EXERCISE GOAL: Among the records below, find the line with "Mit dem Rücksetzer" and the line with "ボーナス中はほとんどのケース". Set down both and every line between, exactly and with no pictures, but nothing else.

DATA SHOWN:
--------------------------------
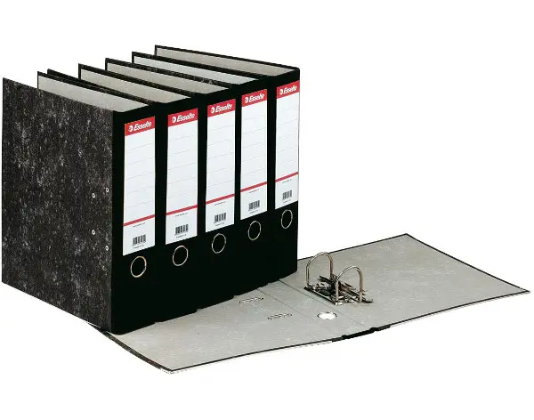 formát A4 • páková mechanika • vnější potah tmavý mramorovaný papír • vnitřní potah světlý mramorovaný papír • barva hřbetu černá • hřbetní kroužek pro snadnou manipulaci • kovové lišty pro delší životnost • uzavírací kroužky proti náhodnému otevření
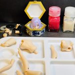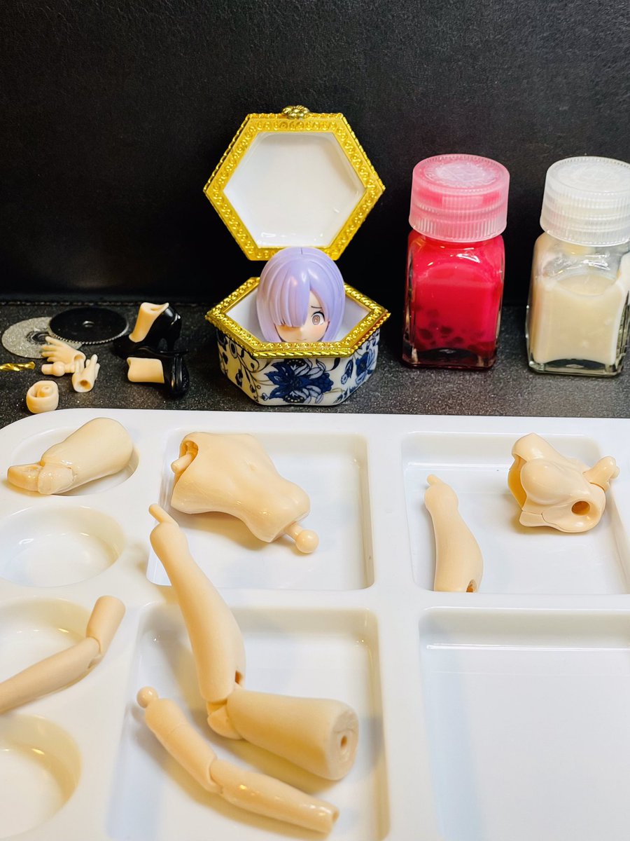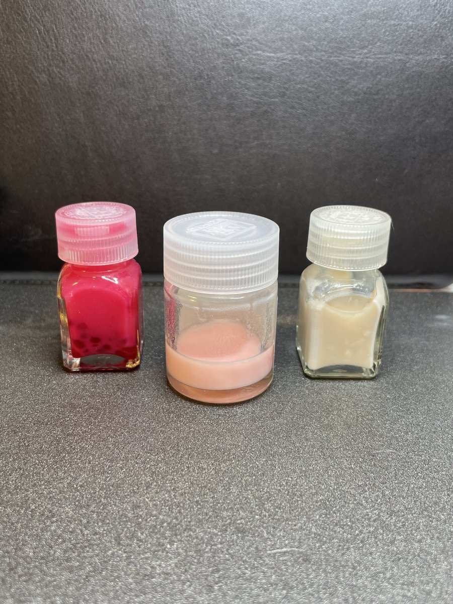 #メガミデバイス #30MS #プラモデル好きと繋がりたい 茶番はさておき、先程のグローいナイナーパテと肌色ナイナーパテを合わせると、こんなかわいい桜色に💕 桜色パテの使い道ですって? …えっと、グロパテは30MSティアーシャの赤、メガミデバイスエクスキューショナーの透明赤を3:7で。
--------------------------------
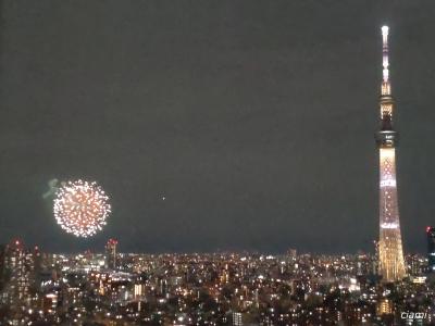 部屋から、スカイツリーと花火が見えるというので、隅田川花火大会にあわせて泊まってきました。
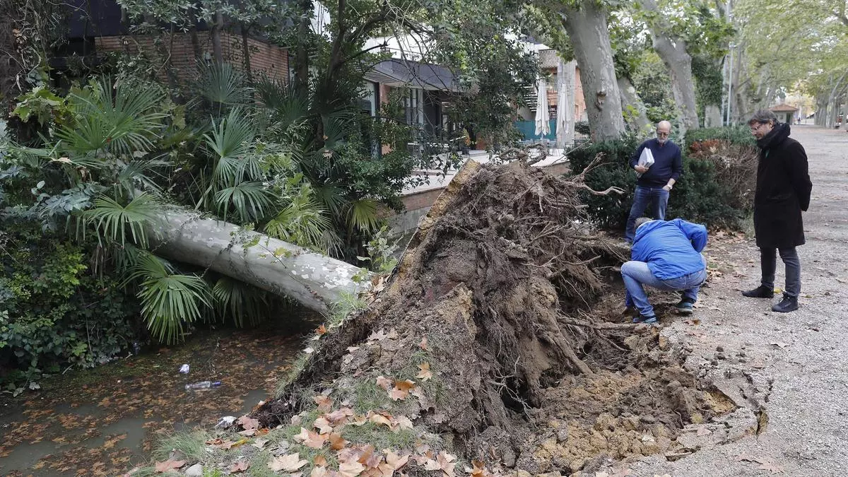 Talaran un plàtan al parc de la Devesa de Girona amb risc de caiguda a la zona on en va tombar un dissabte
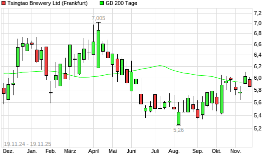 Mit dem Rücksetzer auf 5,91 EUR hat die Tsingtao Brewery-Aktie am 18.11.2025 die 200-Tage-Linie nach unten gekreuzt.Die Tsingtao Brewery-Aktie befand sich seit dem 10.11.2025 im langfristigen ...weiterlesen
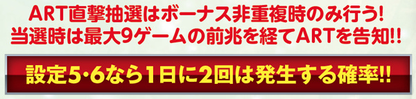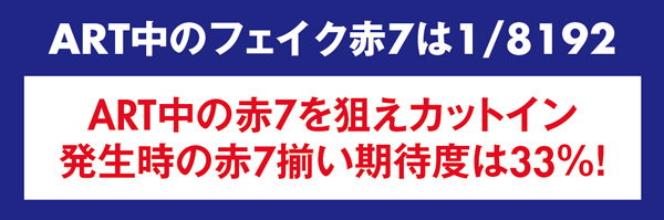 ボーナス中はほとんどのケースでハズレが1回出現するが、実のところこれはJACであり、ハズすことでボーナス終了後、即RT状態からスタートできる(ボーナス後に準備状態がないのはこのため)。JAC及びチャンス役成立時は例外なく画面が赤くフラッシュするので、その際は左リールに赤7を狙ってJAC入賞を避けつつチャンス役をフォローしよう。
--------------------------------
RESPONSE TO THE TASK:
 Mit dem Rücksetzer auf 5,91 EUR hat die Tsingtao Brewery-Aktie am 18.11.2025 die 200-Tage-Linie nach unten gekreuzt.Die Tsingtao Brewery-Aktie befand sich seit dem 10.11.2025 im langfristigen ...weiterlesen
 ボーナス中はほとんどのケースでハズレが1回出現するが、実のところこれはJACであり、ハズすことでボーナス終了後、即RT状態からスタートできる(ボーナス後に準備状態がないのはこのため)。JAC及びチャンス役成立時は例外なく画面が赤くフラッシュするので、その際は左リールに赤7を狙ってJAC入賞を避けつつチャンス役をフォローしよう。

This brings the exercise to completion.